Check your refinance options. If
you have equity in your home, your credit rating is
relatively intact and your lender hasn't yet filed
a notice of default, you may be able to get another
loan with more affordable payments. An experienced
mortgage broker, preferably one affiliated with the National
Association of Mortgage Brokers, can let you know
your options. Be cautious about jumping into another
risky loan, though: adjustable, interest-only or "option" mortgages
might just put off the day of reckoning and you could
find yourself facing even higher payments down the
road.
Be realistic. Many times, Amorison
said, people struggle to hang on to a house that they
simply can't afford when they'd be far better off without
it.
"People are just too tied to their homes," Amorison
said. "It's just property."
That may seem harsh, but it's far better to sell a
home while you still have equity and some semblance
of a credit score than to have it taken away in foreclosure.
Get organized. If you are going to
try for a loan modification, you'll need to prepare
a small mound of documentation. The lender will specify
what it wants, but typically you'll need to supply
the details of your financial situation, a budget,
documentation of your hardship (a letter from your
doctor explaining an income-reducing illness, for example,
or your layoff notice from your employer) and a "hardship
letter" that outlines, in heart-rending detail, the
circumstances that led you to fall behind and the improved
prospects that will allow you to get your financial
life back on track.
You may also want (or be required) to provide a market
analysis of your house, Ulaga said, to document how
much equity you have in your home. A real estate agent
can typically prepare this for free in exchange for
the chance of winning your business should you decide
to sell.
Leaving home
If a loan modification or refinance isn't possible or
feasible, your options come down to these:
Sell the house. If you have enough
equity in your home to allow you to pay off your mortgage
in full, after deducting any real estate agent commissions,
then a quick sale is usually your best option. You'll
preserve what's left of your credit score and your
equity, leaving you in a much better position should
you want to buy another home in the future.
Offer a deed in lieu of foreclosure. If
you can't sell the house for what you owe, but you're
not deeply "upside down" on your mortgage, this may be
an option: you propose handing over the deed to your
home and your lender agrees to release you from your
mortgage. This usually keeps you from having to pay any
deficit that might be owed on the property, while the
lender avoids further legal costs related to a foreclosure.
Lenders can't be forced to accept a deed, however.
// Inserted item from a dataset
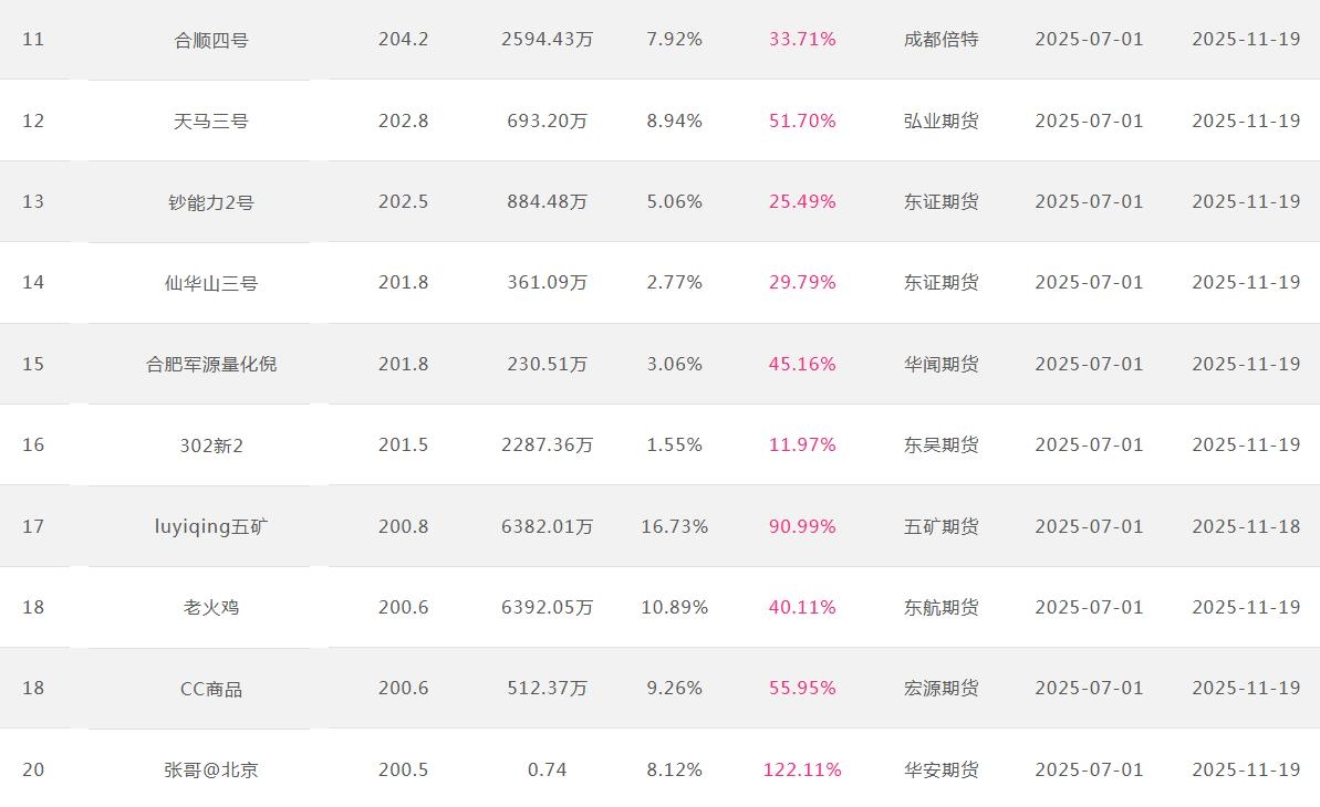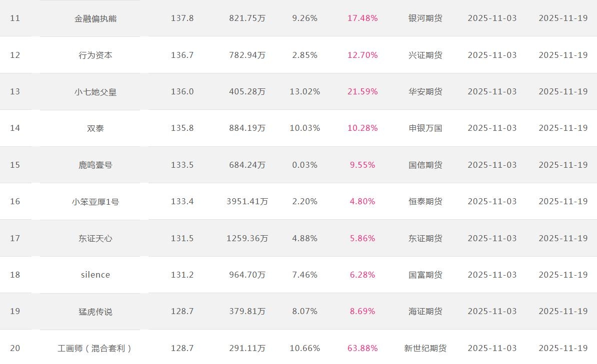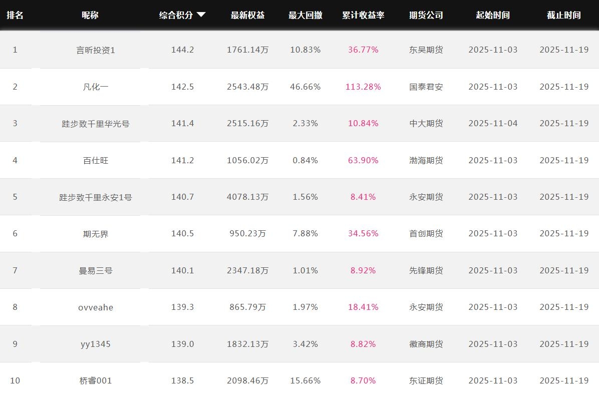 2025年11月【月度排名】(2025年11月1日-11月30日)

Typically, lenders require that the borrower make "a
really good effort" to sell the home first, Ulaga said,
and show that their delinquency was due to "unavoidable
hardship" before they'll agree to a deed in lieu of
foreclosure.
Negotiate a short sale. If you owe
substantially more on your home than it's worth, you
may be able to get the lender to accept less than it
is owed by negotiating a "short sale." You essentially
sell the house for whatever you can get, and the lender
agrees to accept the proceeds and not go after you
for the deficit.
A short sale can further damage your credit scores,
often showing up as a "settlement" that indicates
you paid less than you owed. You may also face an IRS
bill on the unpaid debt, which is generally considered
income to you. A skilled negotiator may be able to
avoid these consequences or at least minimize them,
so you may want to consider getting an experienced
attorney's help.
Allow the foreclosure to proceed. This
is generally the worst choice. In some states and in
some circumstances, the lender can even go after you
in court for any deficit between what the house eventually
sells for and what you owe. An attorney or housing
counselor can let you know if that's a possibility.
Even if the worst happens, though, the damage to your
financial life needn't be permanent. If your situation
improves, you may be able to get another mortgage,
at a reasonable interest rate, within a few years.